Verifying the St. George petition is on government time; Mundane clarification given on counting signatures
BATON ROUGE – A lengthy state legal opinion does not suggest any noteworthy changes from 2015 about how the registrar of voters should handle signatures needed to move a petition to create the city of St. George forward but outlines “absurd” understandings of law and includes the definition of “reasonably” and an education in legal “common sense.”
The Louisiana Attorney General’s Office released its opinion Tuesday following an earlier inquiry from East Baton Rouge Parish Registrar of Voters Steve Raborn and a list of 25 question asking for specifics about laws related to petition drives. Raborn asked for clarification on items from if he is the official keeper of the list of names on the St. George petition to how to calculate the needed number of signatures.

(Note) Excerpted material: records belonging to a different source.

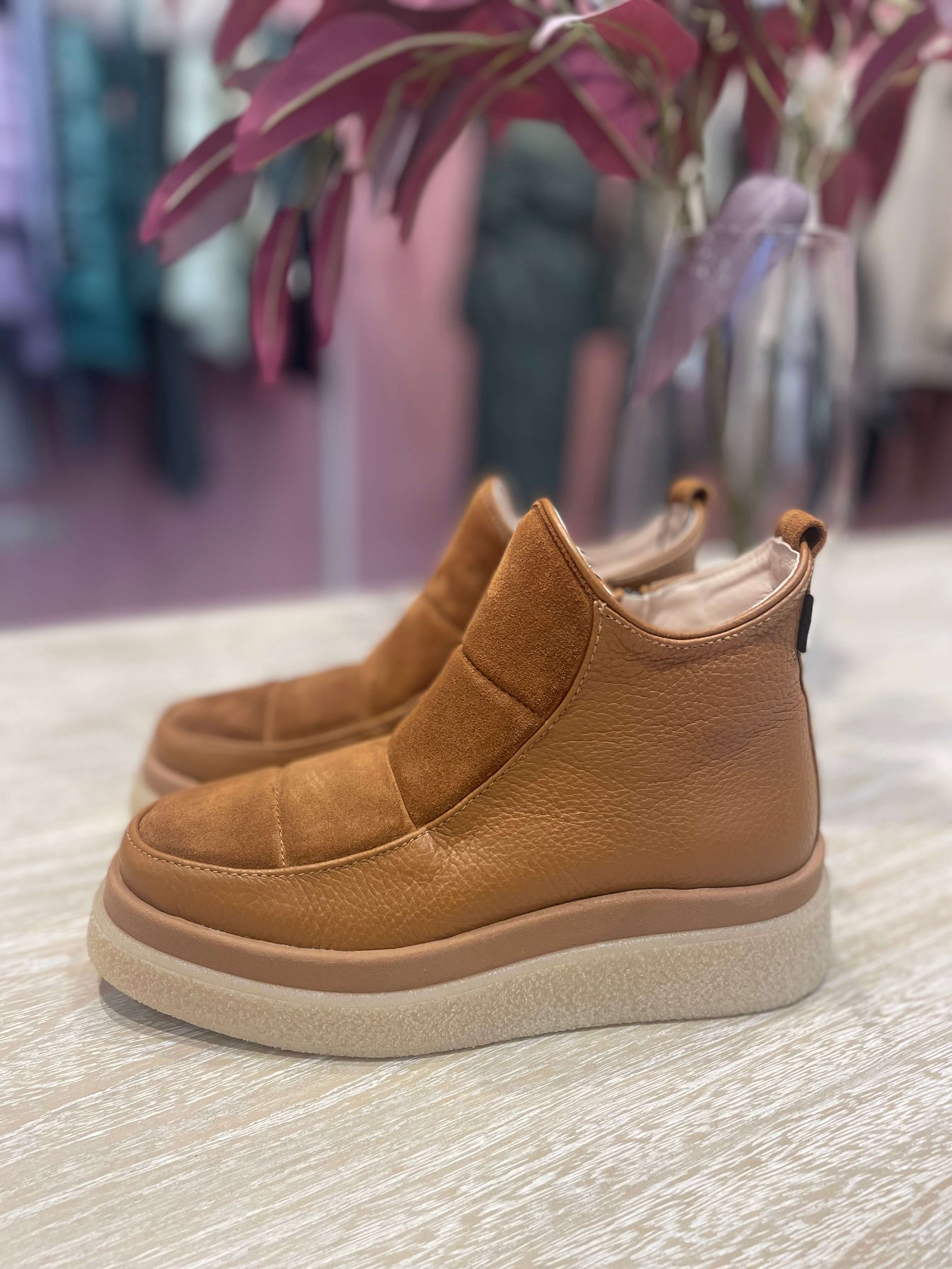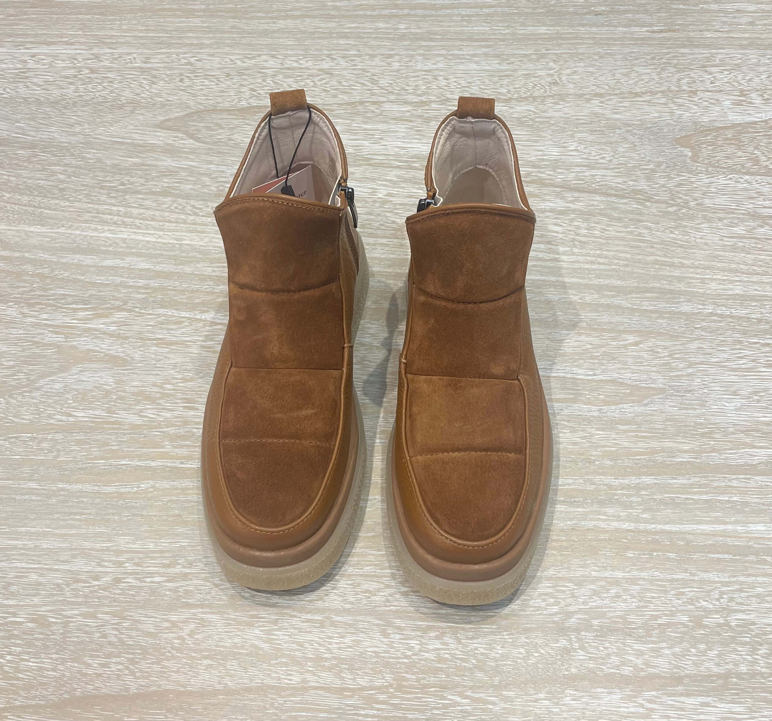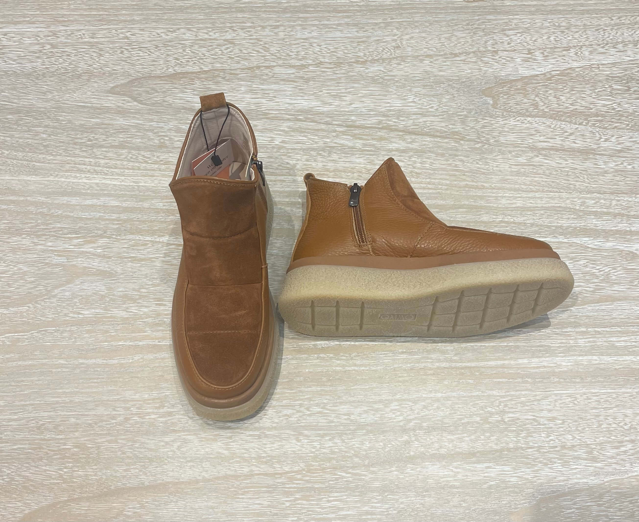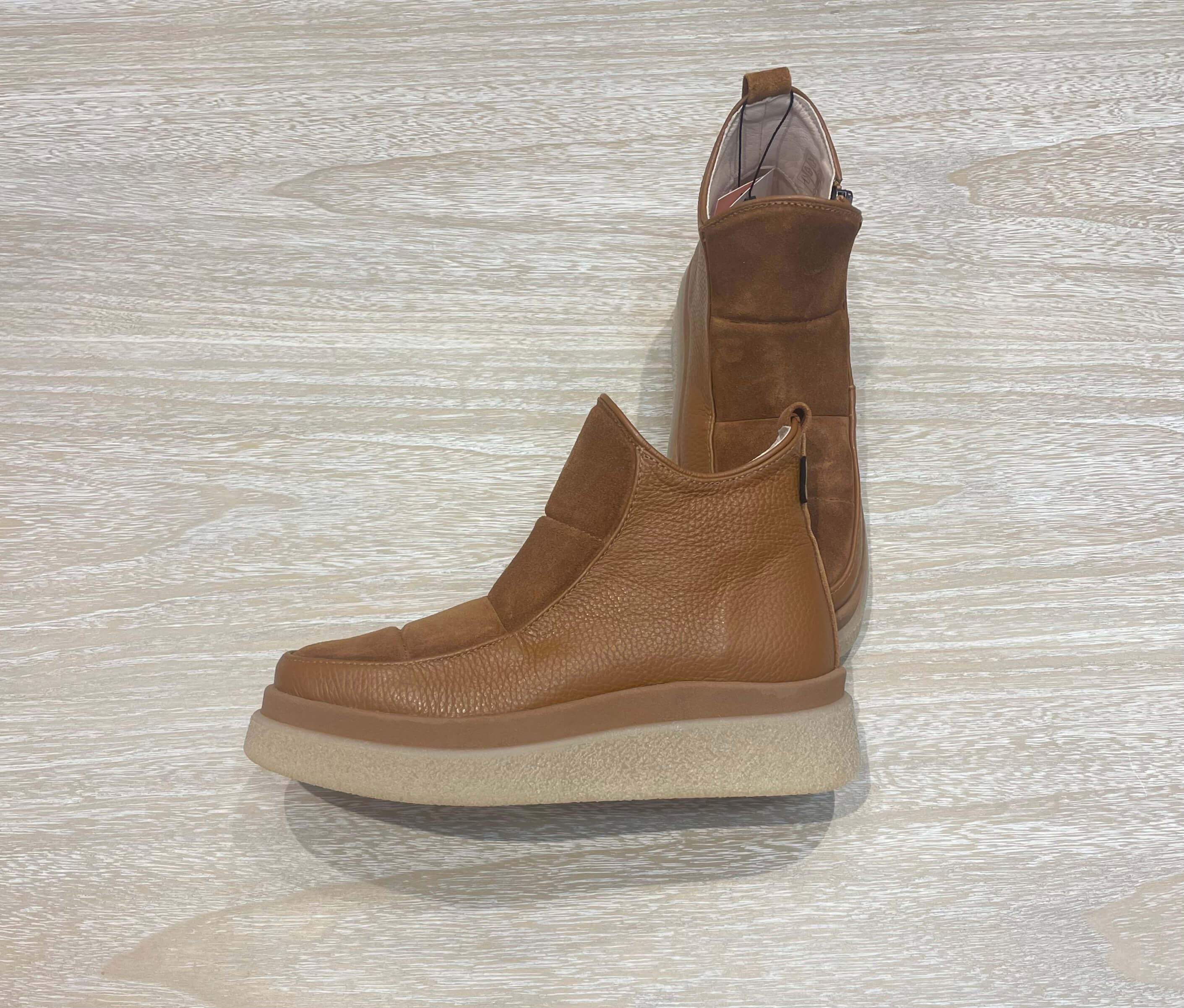 Botín Gaimo Naos de piel marrón y piel serraje en la parte delantera.
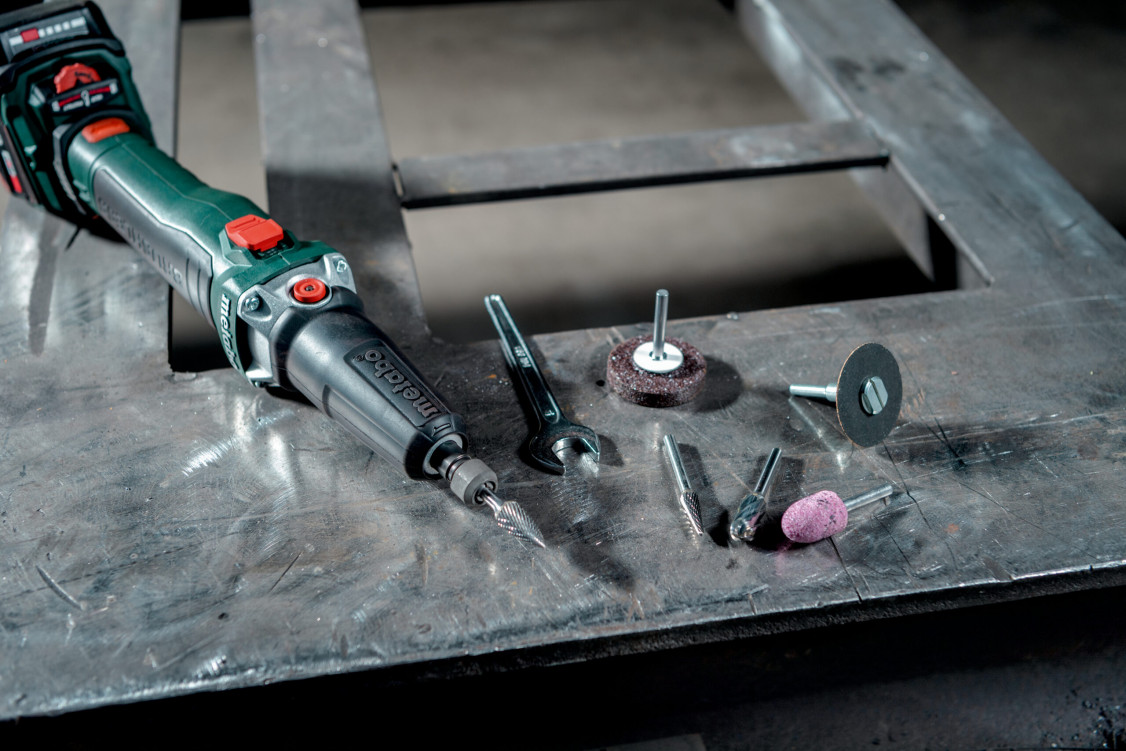 Alle Modelle werden mit einer 6 Millimeter Spannzange und einem leicht zu reinigenden Staubschutzfilter als Motorschutz vor groben Partikeln geliefert. Darüber hinaus hat Metabo auch ein umfangreiches Sortiment an verschiedenen Spannzangen, Fräsern, Schleifstiften und Lammellenschleifrädern.
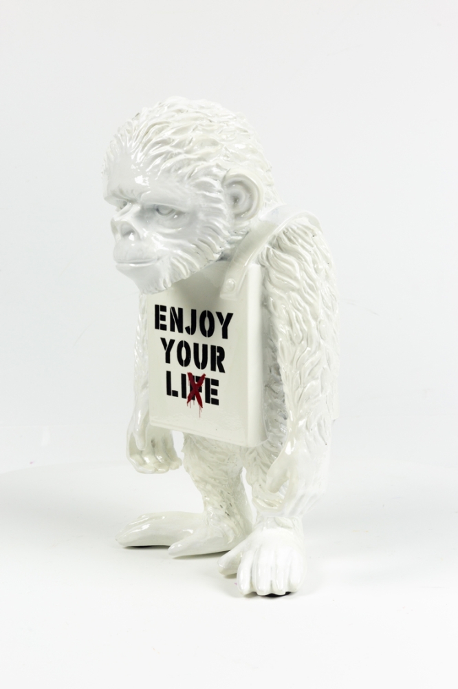 Sculpture from synthetic resin by Diederik Van Apple. These 'street monkeys' are hand painted and have a printed inscription. The edition is limited to 250 pieces.
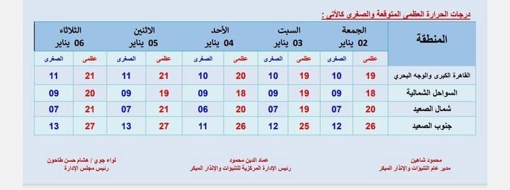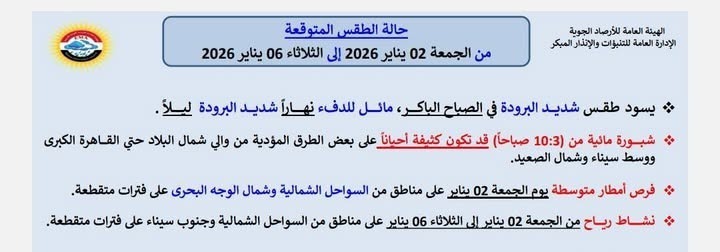 وهناك فرص أمطار متوسطة يوم الجمعة 2 يناير على محافظة القاهرة ومناطق من السواحل الشمالية وشمال الوجه البحري على فترات متقطعة، بالإضافة إلى نشاط رياح من الجمعة 2 يناير إلى الثلاثاء 6 يناير على مناطق من السواحل الشمالية وجنوب سيناء على فترات متقطعة.
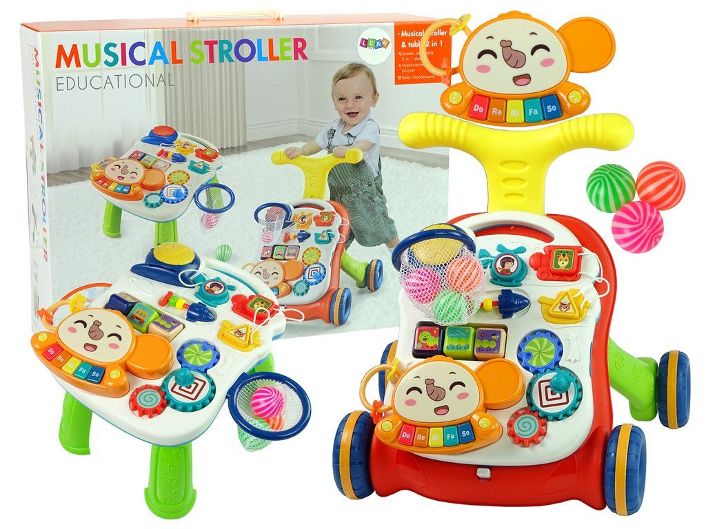 Interaktivní chodítko a stoleček je produkt, který představujeme. Spojuje funkce chodítka, výukového panelu a stolečka v jednom. Chodítko doporučujeme pro všechna batolata starší 12 měsíců. Je výborným pomocníkem při učení samostatné chůze. Je navrženo s ohledem na nejmenší děti, což zaručuje bezpečnou konstrukci. Pokud chcete, aby si vaše dítě hrálo na místě, můžete díky blokádě zablokovat zadní kola a nalít do nádoby vodu, aby byla stabilní, takže se nemusíte bát o bezpečnost dítěte. Po blokádě zůstane chodítko na svém místě.

Perhaps the most straightforward clarification was on the number of signatures needed – 25% of the number of electors in the area at the time the petition is filed with the registrar are need to have signed the petition to advance the petition. Inactive voters can sign the petition but cannot be counted in the lump sum used to determine the number of total signatures needed.
Additionally, proponents of St. George will have an additional sixty days to obtain more signatures if the petition fails to meet the required number, though opponents would get no second chance to have names struck from the final tabulation.
A “window to [remove a name from the petition] … cannot be applied to the additional sixty day period,” state legal experts wrote in the opinion released to WBRZ.
If the petition meets the required number of signatures, it is forwarded to the governor to make a “determination as to whether an election shall be called.”
While the attorney general’s opinion does not set a deadline on when the registrar must validate the petition, it suggests a determination must be made within a reasonable amount of government time.
Organizers of the proposed city of St. George submitted the petition with more than 14,000 signatures a week ago Monday. Opponents had until Monday evening to submit documents from voters who had decided to have their name removed.
St. George organizers believe they need about 13,000 signatures. In 2015, the first petition got thrown out of court after the group fell 71 valid signatures short.
In a previous WBRZ report on the petition verification process, Raborn said counting the signatures will “take a while”… [possibly] several months."